通信費と運賃の区分は必要か?

[取材/文責]税理士:浦田泉

●税務上、自社の商品を顧客に送る場合は、通信費、運賃どちらで処理をしても問題はありません。ただし、商品発送費とそれ以外の発送費に分けることは事業計画作成の際など、管理会計の上では重要です。 自社の商品などを顧客に発送する費用について、「通信費」にすべきか「運賃」にすべきかという相談を受けることがあります。
処理の方法は会社によってマチマチというのが現実です。郵便(切手)で送るものは通信費、小包や宅配便で送るものは運賃と分けている企業もありますし、比較的に少額のものを通信費として扱っている企業もあります。商品を送る場合は必ず運賃(荷造運賃)にしているところもあります。 そのため、いろいろな話を聞いてどれが正しいのかわからなくなっている、という方も多いように感じます。

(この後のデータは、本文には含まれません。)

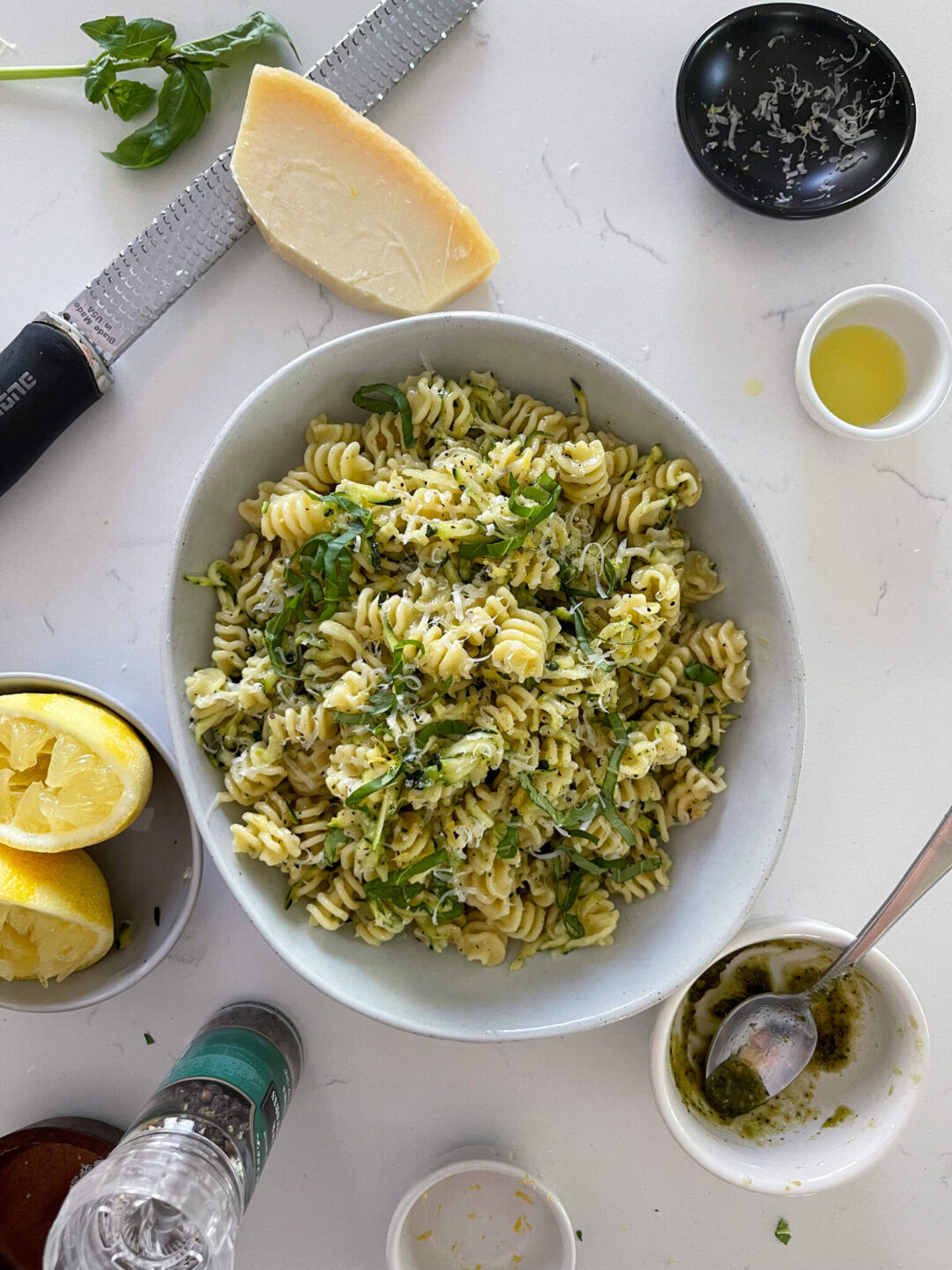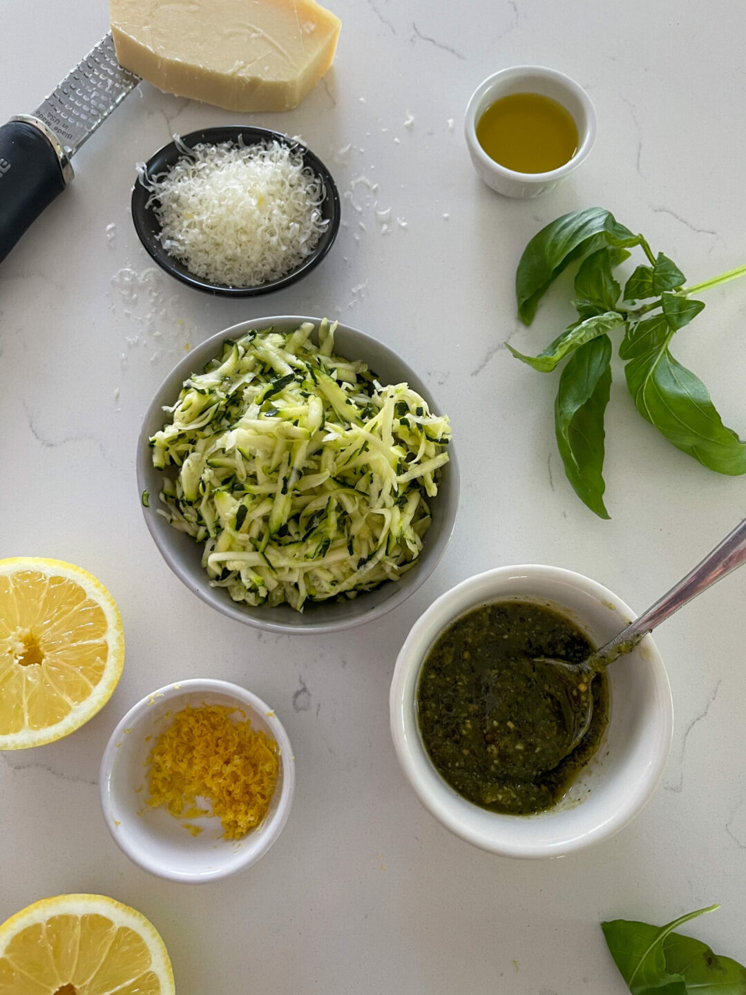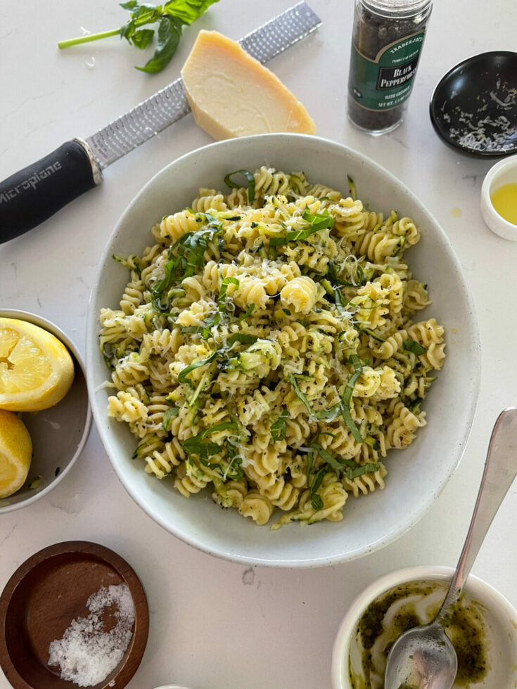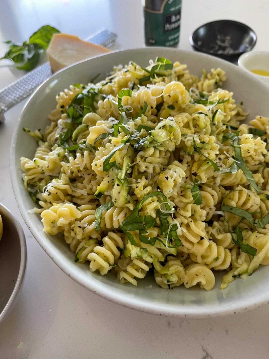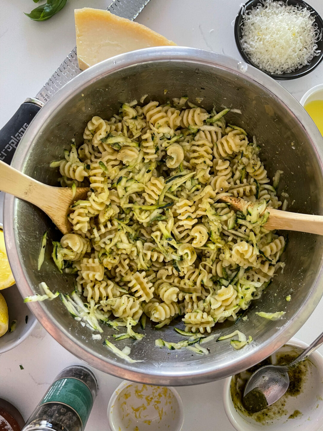Freshly grated zucchini mixed with radiatore noodles, pesto, lemon juice, lemon zest, olive oil, salt, pepper, grated parmesan, and fresh basil.

結論をいえば、税務上、販売のために自社の商品を顧客に送る場合はどちらでも構いません。通信費も運賃も当期の費用(損金)として処理できる科目のため、どちらで処理しても税務上の違いは無いのです。
ただし、経理においては、取引が明確に区分されていることが重要ですし、同様の費用が異なる科目に区分されていると、税務署から疑いの目を向けられる可能性もあります。
また、商品発送費とそれ以外の発送費を区分することは、事業計画を立てる際には必要になってきます。
商品発送費は商品の売上ボリュームによって変わってくるもの(変動費)ですし、それ以外の発送費はほぼ毎月、同じような金額が使われている(固定費)ことが多いでしょう。
売上高に占める変動費の割合を算出すること、さらに売上高から変動費を除いた部分で固定費がまかなえるかどうかを計算することは、事業(利益)計画の基本です。 税務会計上は問題なくても、管理会計上は区分しておくことが重要なのです。
以上を考え合わせて、いずみ会計では、商品の発送費は「運賃(荷造運賃)」、その他の発送費「通信費」として処理することをオススメしています。(あくまでも業種によりますが)「管理会計」というと難しいように感じるかもしれませんが、こうした小さな積み重ねで意外と実現は簡単だったりするものですよ(^-^)。